» **TASK INPUTS**:
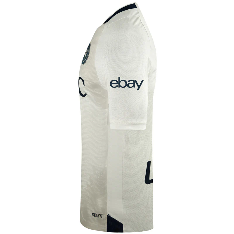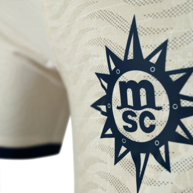 La maglia gara, color avorio, è realizzata in in poliestere bielastico con trama a onde in jacquard e stampa Mappa realizzata in sublimatico. Club crest realizzato in silicone su fondo satinato. Sponsor stampato a caldo con effetto soft-handfeel. Inserti laterali in rib di cotone a contrasto e colletto in costina completano la maglia.
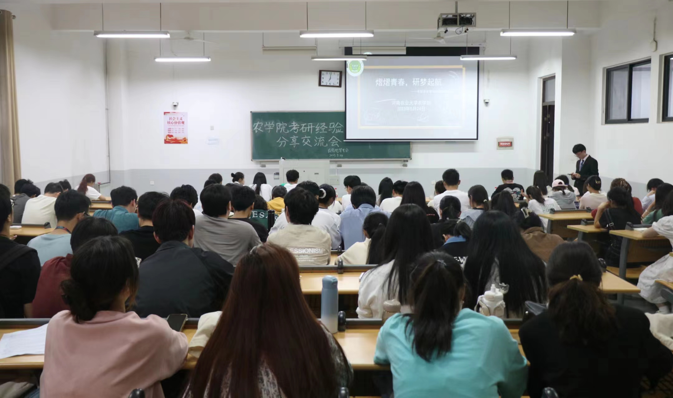 于龙子湖校区D102教室开展以“熠熠青春,研梦起航”为主题的考研经验分享交流会。91吃瓜
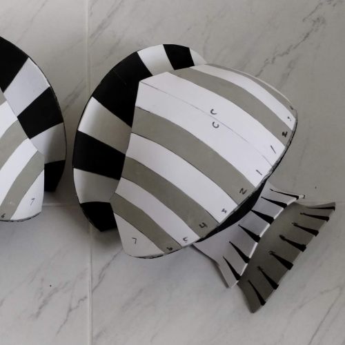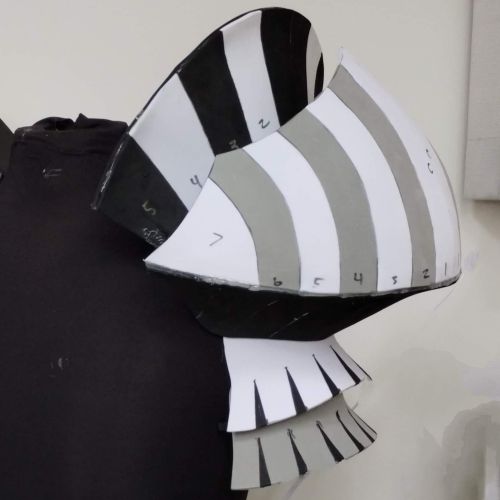 I recommend using 4mm foam. The pauldrons are composed of three main parts, the top, middle, and center. Any combination of the parts makes for a pretty neat set of pauldrons. They are a little tricky to glue together, so I recommend using the masking tape and hot glue method.
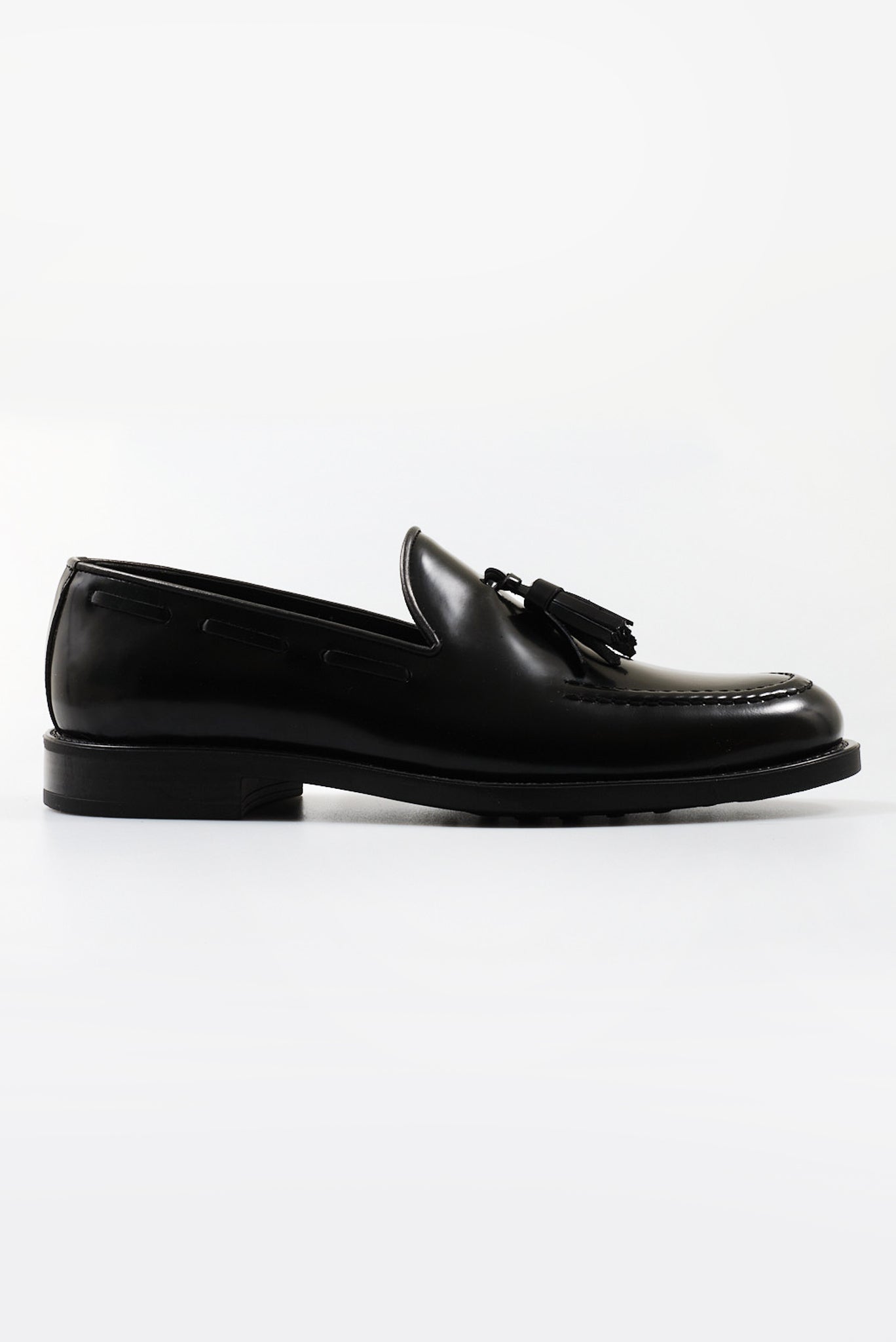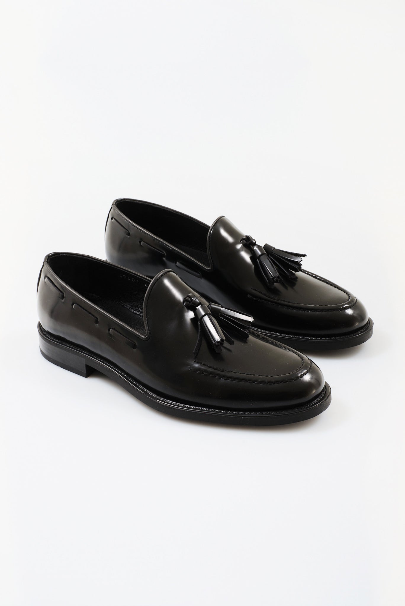 - Παπούτσια tassel loafers από 100% δέρμα, σε μαύρο χρώμα. Μία διαχρονική επιλογή για επαγγελματικές και smart εμφανίσεις.
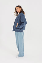 The fit and style are further enhanced by the cotton ribbing at the neck, cuffs, and hem, while the side pockets and aesthetic metal zip fastening add a touch of functionality.
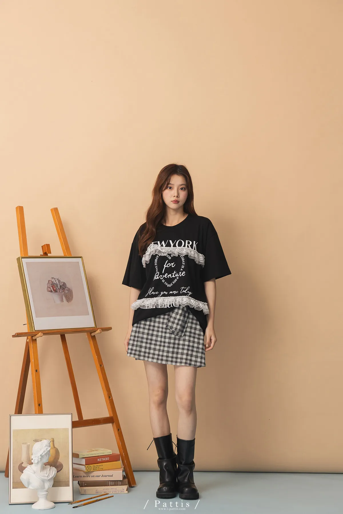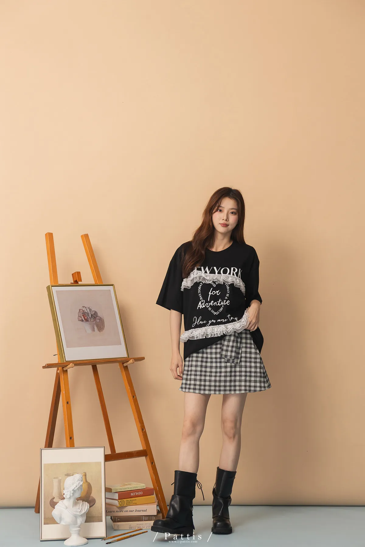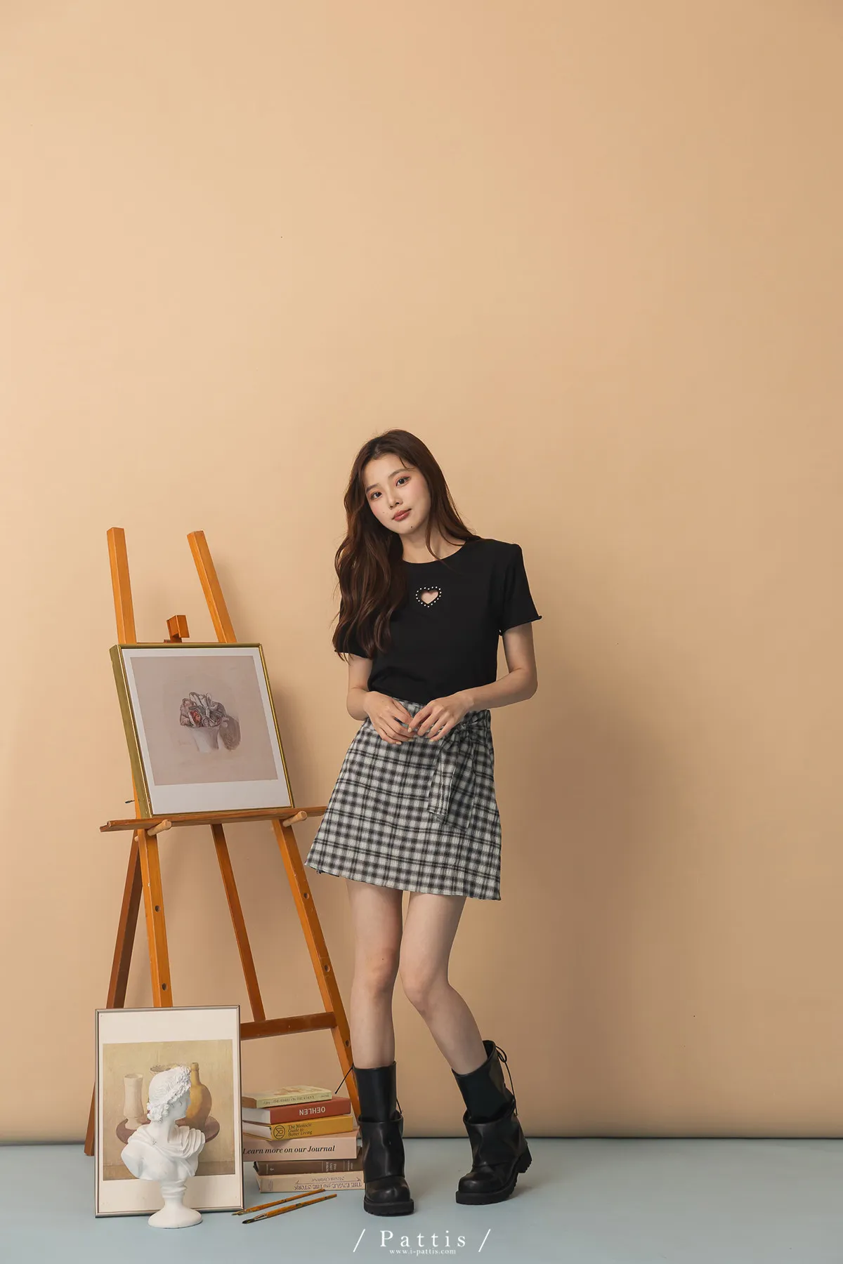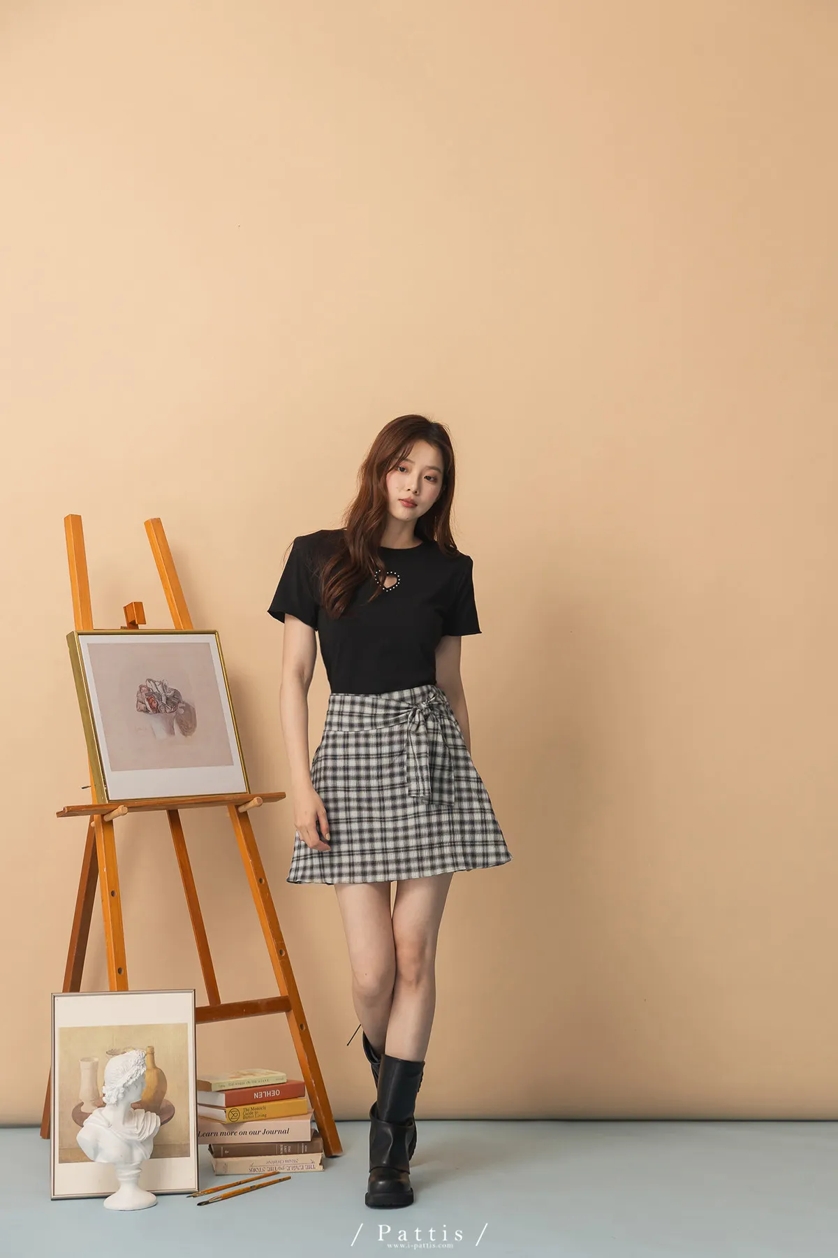 秩序與玩心並存 | 內襯短褲綁帶格紋簡約短裙(黑)
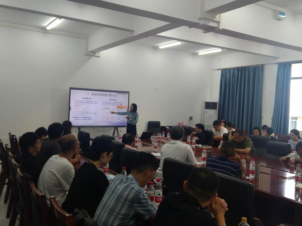 参赛教师徐玉威以主讲课程《固定收益证券》-“资金的时间价值”为内容展示了说课、课堂教学等环节。学校本科教学督导杨丽华副院长进行了点评,对参赛教师的课程教学设计、案例导入、课程思政、课堂互动等给予充分的肯定,也对课件设计、多元化案例呈现等提出提升的建议。
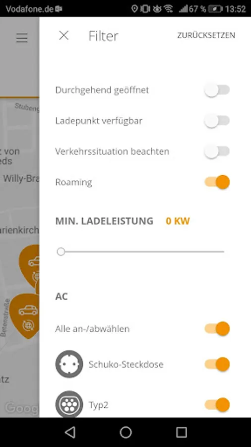 With additional filter functions, you can customize your search easy. For example, according to current availability, opening times, maximum charging current and connector types. The built-in navigation guides you specifically and directly to the selected charging location. Just before the start will give you all fare information and can be with the help of favorites start shortly charging.
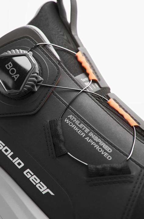 Make work run faster from start to finish. Equipped with an ultraresponsive ETPU midsole, grippy rubber outsole, and OrthoLite® Hybrid insole this shoe is all about comfort and performance. Featuring a CORDURA re/cor™ ripstop upper, redesigned tongue, and the all-new recycled heel counter it turns the revolution up yet another notch. To top it off it has a NANO toe cap, a BOA® Fit System, and a clean monochrome colorway with a splash of that signature Solid Gear orange. ESD function according to EN IEC 61340-5-1:2016.
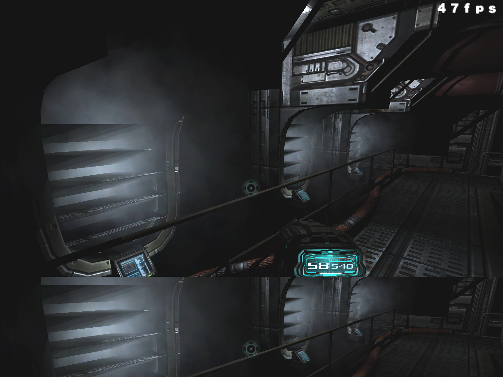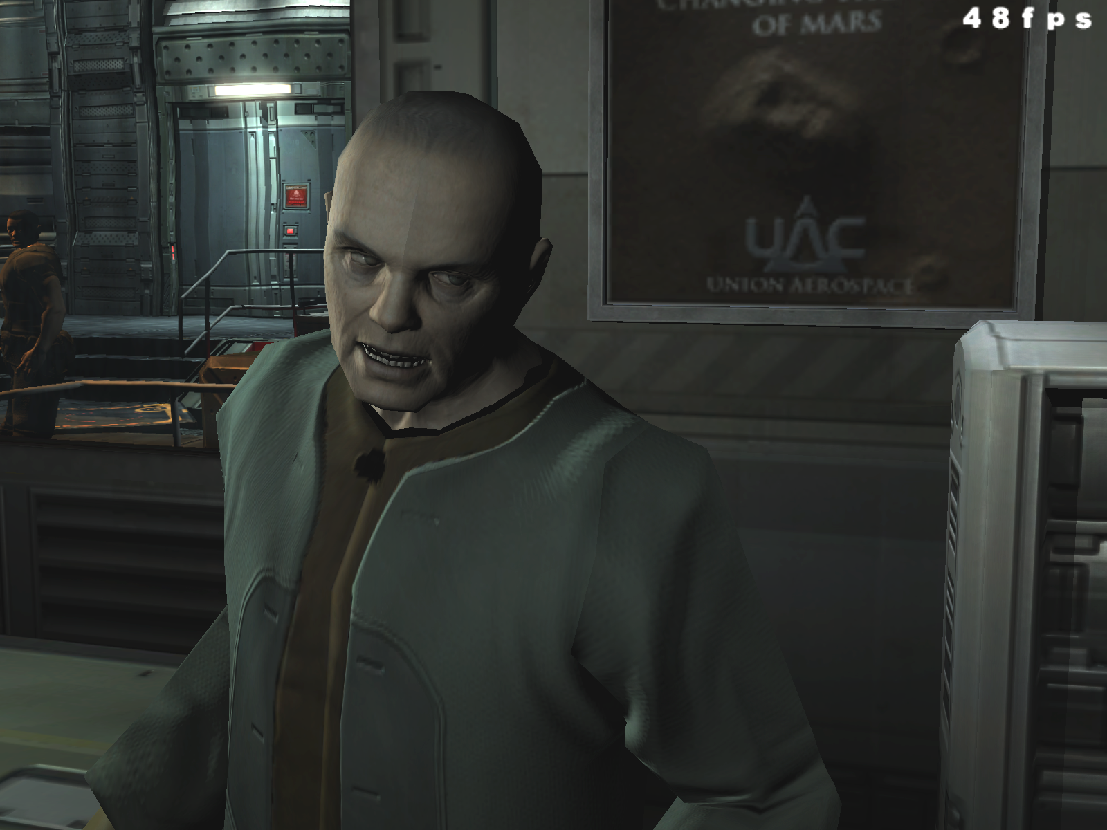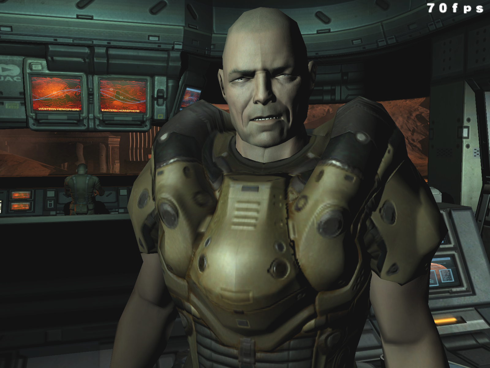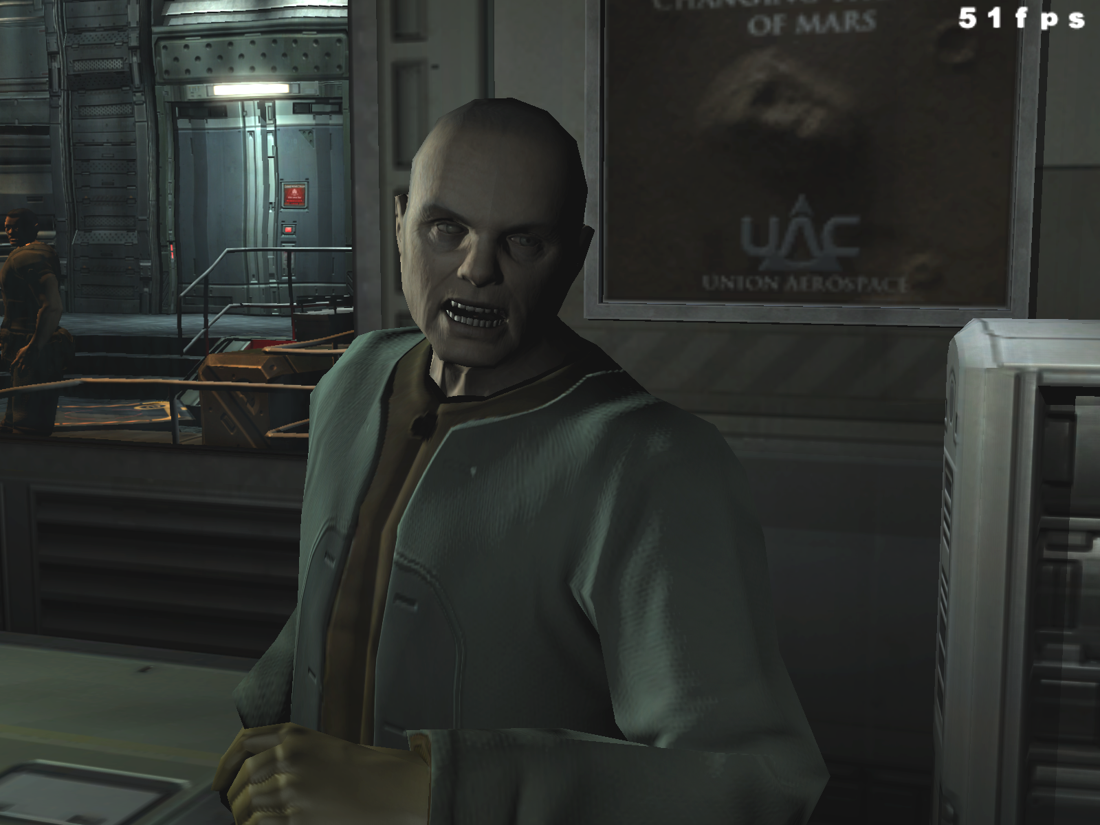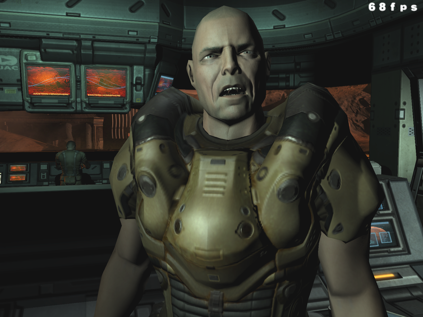 Можно сразу сказать, что в 90% случаев вы вообще не увидите никакой разницы, ибо DOOM III — это беганье в темных, страшных закоулках, которые иногда освещаются лампами, а также адским огнем, которого подчас предостаточно для полного представления логова дьявола в нашем понимании.
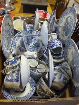 Box Containing Large Quantity of Blue & White China Ware
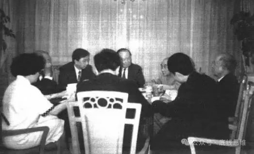 1992年6月,两岸密谈在香港香格里拉酒店举行。左二:杨斯德;左三:苏志诚;左五:汪道涵;右三:南怀瑾;右一:许鸣真。 图源:南怀瑾学术研究会

» **ACTIVITY**: No picture is to be printed. Output exactly the lines above from the line containing "The fit and" through the line containing "With additional filter".

» **REPLY**:
 The fit and style are further enhanced by the cotton ribbing at the neck, cuffs, and hem, while the side pockets and aesthetic metal zip fastening add a touch of functionality.
 秩序與玩心並存 | 內襯短褲綁帶格紋簡約短裙(黑)
 参赛教师徐玉威以主讲课程《固定收益证券》-“资金的时间价值”为内容展示了说课、课堂教学等环节。学校本科教学督导杨丽华副院长进行了点评,对参赛教师的课程教学设计、案例导入、课程思政、课堂互动等给予充分的肯定,也对课件设计、多元化案例呈现等提出提升的建议。
 With additional filter functions, you can customize your search easy. For example, according to current availability, opening times, maximum charging current and connector types. The built-in navigation guides you specifically and directly to the selected charging location. Just before the start will give you all fare information and can be with the help of favorites start shortly charging.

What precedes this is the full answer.